Task to carry out: With the pictures left out, retype exactly the lines below starting at the line that contains "Split Bedroom Vaulted" and ending at the line that contains "Bashir | Name2: | |".

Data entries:
------------------------------------------------------------
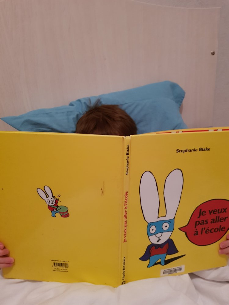 Demain c’est la reprise de l’école pour mon loulou (et oui les vacances sont déjà finies) et il n’a pas une envie folle d’y retourner. Nous avons donc opté ce soir pour une lecture de circonstance : Simon ne veut pas aller à l’école de Stéphanie Blake paru chez l’école des loisirs. Mon fils est un grand fan du lapin Simon et j’aurai l’occasion de vous présenter d’autres livres de cette collection.
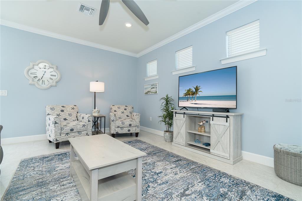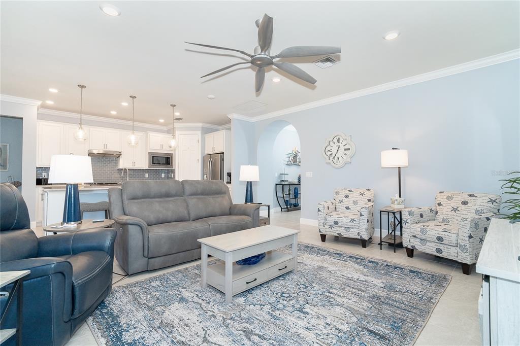 Split Bedroom Vaulted Ceiling(s)Ceiling Fan(s) High Ceilings Thermostat Open Floorplan Window Treatments Solid Surface CountersCrown Molding Kitchen/Family Room Combo Tray Ceiling(s) Smart HomeExterior Features:
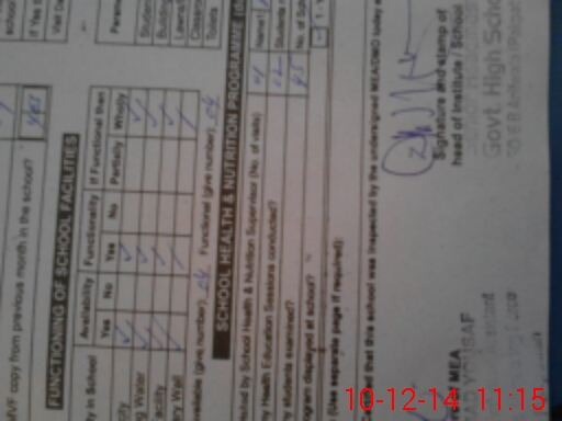 | School Visited by School Health & Nutrition Supervisor (No. of Visits) | 1 | Name1: | Kashif Bashir | Name2: | |
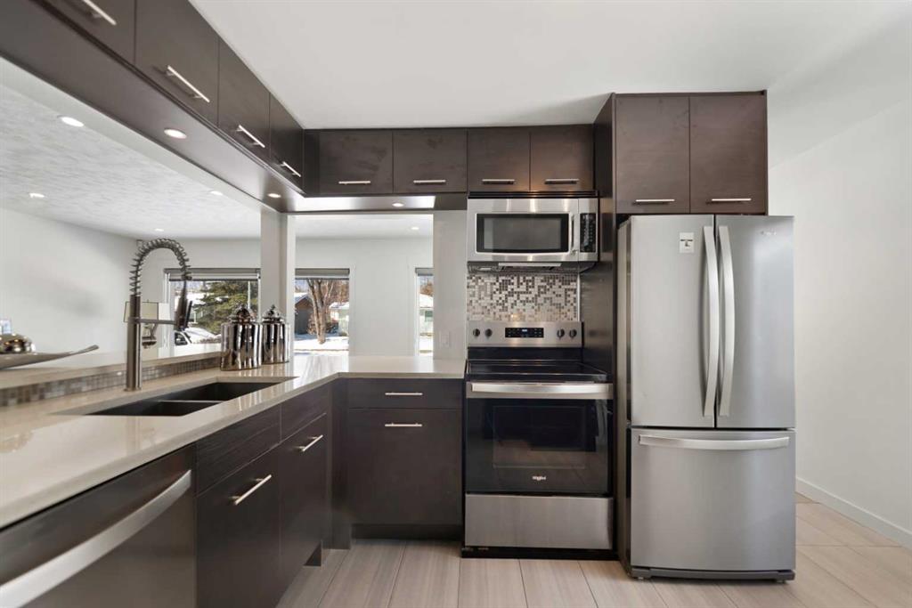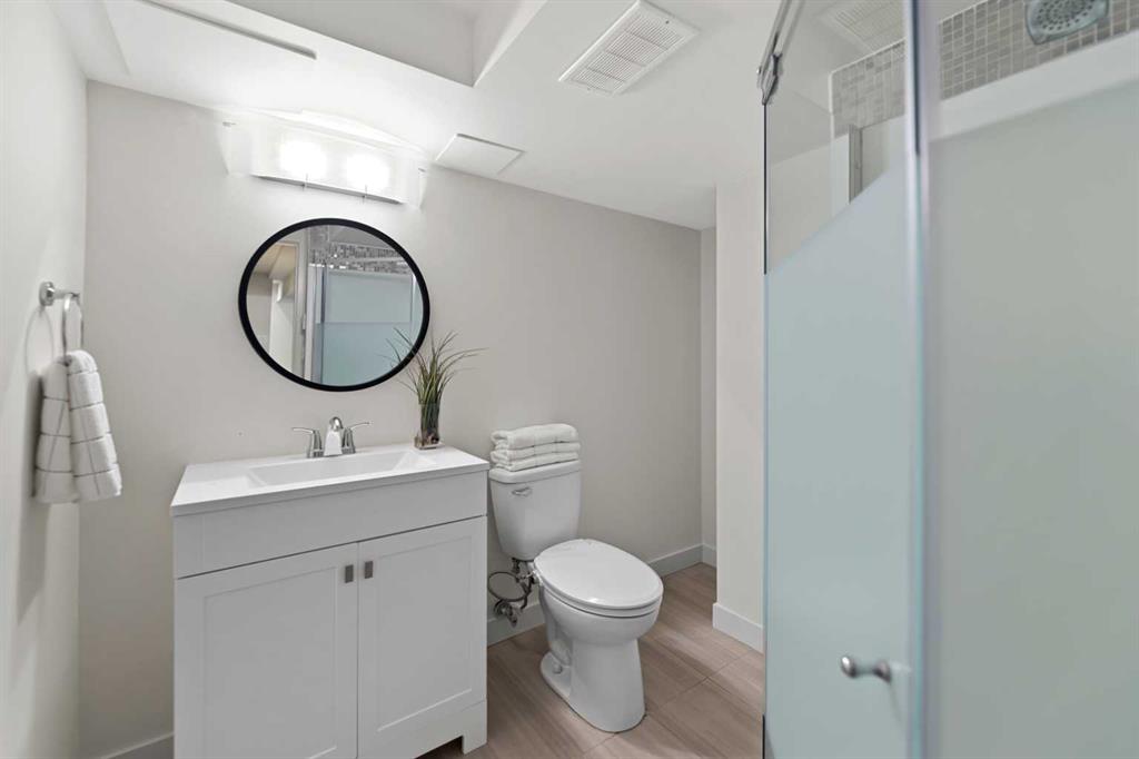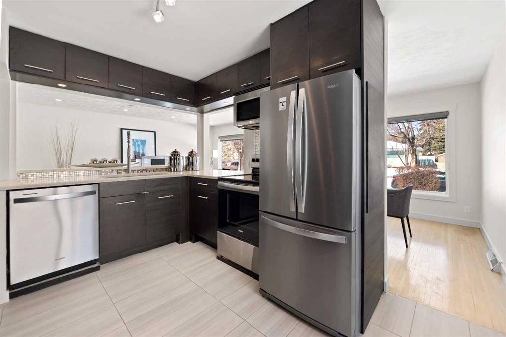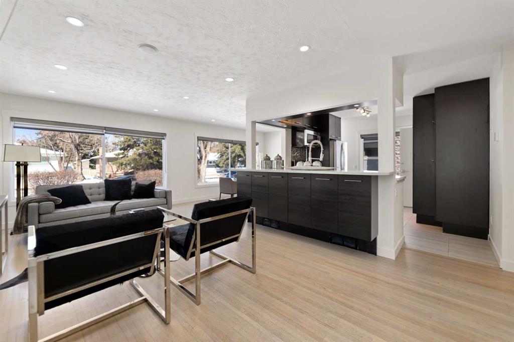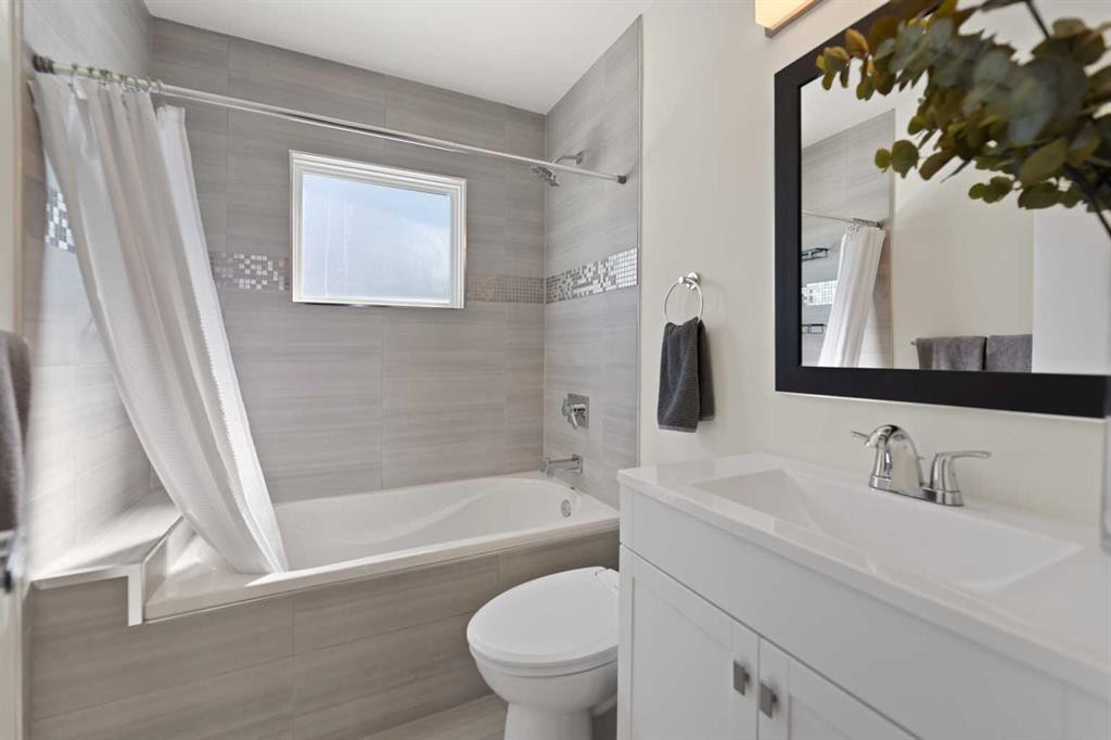 Welcome to this beautifully refreshed and updated bungalow where timeless charm meets modern comfort, nestled on a quiet tree-lined street with inviting curb appeal and abundant natural light throughout. Freshly painted and featuring large updated windows, gorgeous stained original hardwood floors, and an open-concept living and dining area perfect for everyday living and entertaining. The updated kitchen offers stainless steel appliances, ample quartz counter space, and stylish functional finishes. The spacious primary suite provides a serene retreat with a private ensuite featuring dual sinks, quartz vanity, glass shower, and excellent built-in closet space. Two additional main floor bedrooms offer flexibility for family, guests, or a home office, with one bedroom conveniently hosting the main floor washer and dryer. A second full bathroom includes a soaker tub and quartz counters. The lower level features a 1-bedroom illegal basement suite ideal for a mortgage helper or in-law accommodation, currently configured as one home but easily separated, complete with open island kitchen, large living and dining area, separate laundry, one bedroom, and full bath. The side entrance off the kitchen leads to a perfect BBQ area and fully fenced backyard. The single attached garage features a newly poured concrete floor, with front driveway parking for at least two additional vehicles. Additional upgrades include fresh paint (2026), central A/C (2023), hot water tank (2020), newer roof (2018), furnace (2017), upgraded attic insulation (2020), and more. Ideally located close to schools, parks, shopping, and transit including the LRT, this move-in-ready home offers excellent value and income potential in a desirable established neighbourhood.
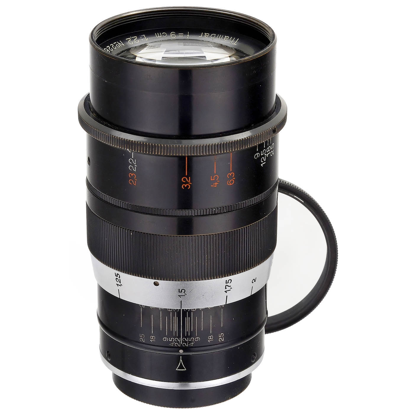 Leitz, Wetzlar. No. 226445, the legendary soft-focus lens, with back cap and matching E. Leitz N.Y. SL filter, clean optics under point light, good focusing and apertures. - Note: The Leitz clear-glass filter can be converted with relatively little effort to create a spot filter with a different diameter.
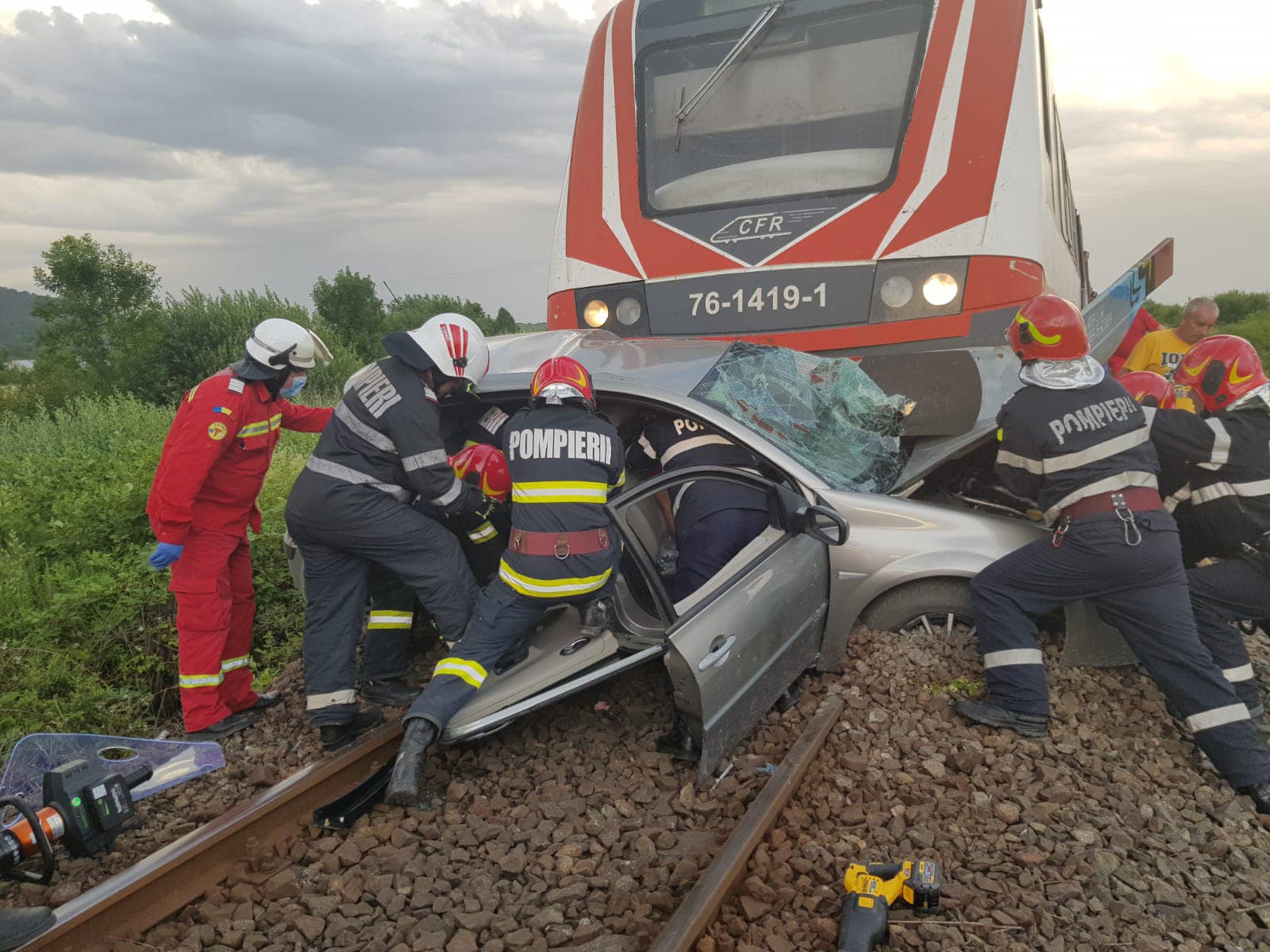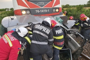 ACTUALIZARE – „În seara de vineri, 25 iunie, orele 20.36, polițiștii Postului de Poliție Transporturi Feroviare Baia Mare, au fost sesizați cu privire la faptul că între HM Bușag – Cicârlău, s-a produs un accident feroviar. La fața locului polițiștii au constatat că, la un pasaj de trecere peste calea ferată, intersecție cu un drum comunal, semnalizat corespunzător, un tren care circula pe ruta Baia Mare – Satu Mare, a surprins în gabarit un autoturism. La volan a fost identificat un tânăr de 22 de ani din Ilba, care se afla singur în autoturism. Acesta a rămas încarcerat în autoturism, fiind necesară intervenția unui echipaj de descarcerare. Tânărului i-au fost acordate îngriji medicale la fața locului, ulterior, acesta a fost transportat la spital în vederea acordării de îngrijiri medicale. Polițiștii au testat mecanicul de locomotivă cu aparatul etilotest rezultatul fiind zero, iar conducătorului auto i-au fost prelevate mostre biologice de sânge în vederea stabilirii cu exactitate a alcoolemiei. Din cauza producerii accidentului, două trenuri au avut întârzieri de 63 respectiv 161 de minute. În cauză, polițiștii continuă cercetările sub aspectul săvârșirii infracțiunii de vătămare corporală din culpă”, au arătat reprezentanții IPJ Maramureș.
------------------------------------------------------------
Finished exercise:
 Split Bedroom Vaulted Ceiling(s)Ceiling Fan(s) High Ceilings Thermostat Open Floorplan Window Treatments Solid Surface CountersCrown Molding Kitchen/Family Room Combo Tray Ceiling(s) Smart HomeExterior Features:
 | School Visited by School Health & Nutrition Supervisor (No. of Visits) | 1 | Name1: | Kashif Bashir | Name2: | |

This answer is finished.